__TASK STATEMENT__
The goal is a clean copy of all the data below, with pictures dropped and everything else retyped exactly.

--- DATA EXCERPT Enclosed Below ---

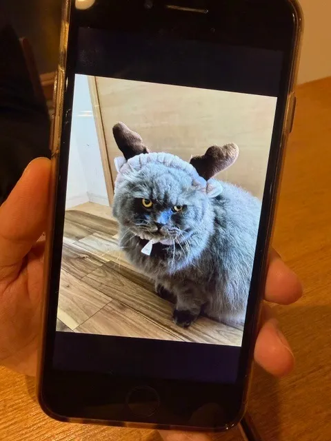 これは「飼い猫ちゃんを鹿にしてしまおう」と思って「角(つの)つきの帽子」を首回りにつけてみたら
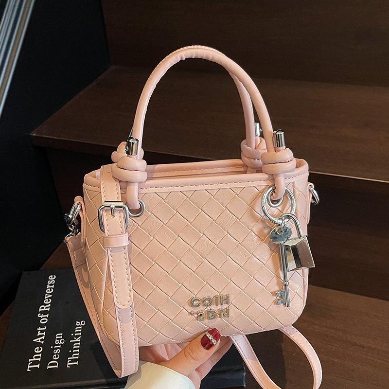 Trendy Design Sense Woven Pattern Portable Bucket Bag Women's Leisure Commuting Niche Personality High Sense Messenger Bag
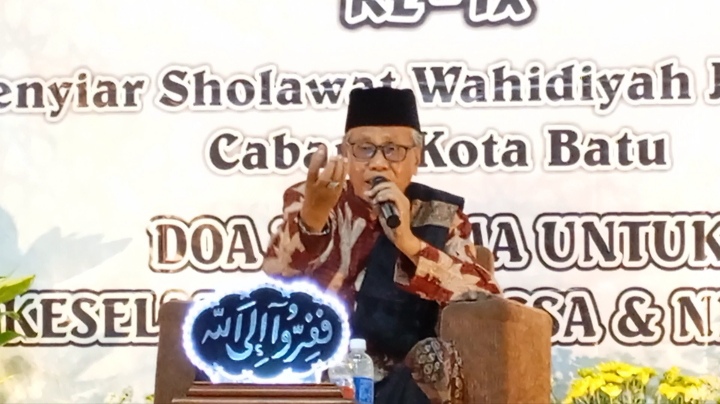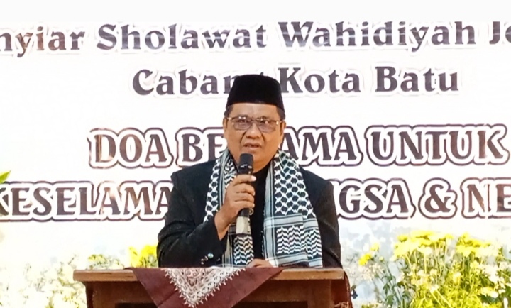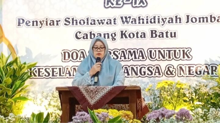 Pada kesempatanya.Ketua Koordinator Penyiar Sholawat Wahidiyah Cabang Jombang Kota Batu.Eni Musfirotun Mustofsiroh, S.ST., MM menyampaikan, bahwa dalam rangka Do`a bersama untuk keselamatan Bangsa dan Negara. Serta sebagai wujud solidaritas ,kepedulian dan keprihatinan ini, mari kita laksanakan dengan sungguh sungguh.

--- End of Enclosed DATA EXCERPT ---

__RESPONSE__
 これは「飼い猫ちゃんを鹿にしてしまおう」と思って「角(つの)つきの帽子」を首回りにつけてみたら
 Trendy Design Sense Woven Pattern Portable Bucket Bag Women's Leisure Commuting Niche Personality High Sense Messenger Bag
 Pada kesempatanya.Ketua Koordinator Penyiar Sholawat Wahidiyah Cabang Jombang Kota Batu.Eni Musfirotun Mustofsiroh, S.ST., MM menyampaikan, bahwa dalam rangka Do`a bersama untuk keselamatan Bangsa dan Negara. Serta sebagai wujud solidaritas ,kepedulian dan keprihatinan ini, mari kita laksanakan dengan sungguh sungguh.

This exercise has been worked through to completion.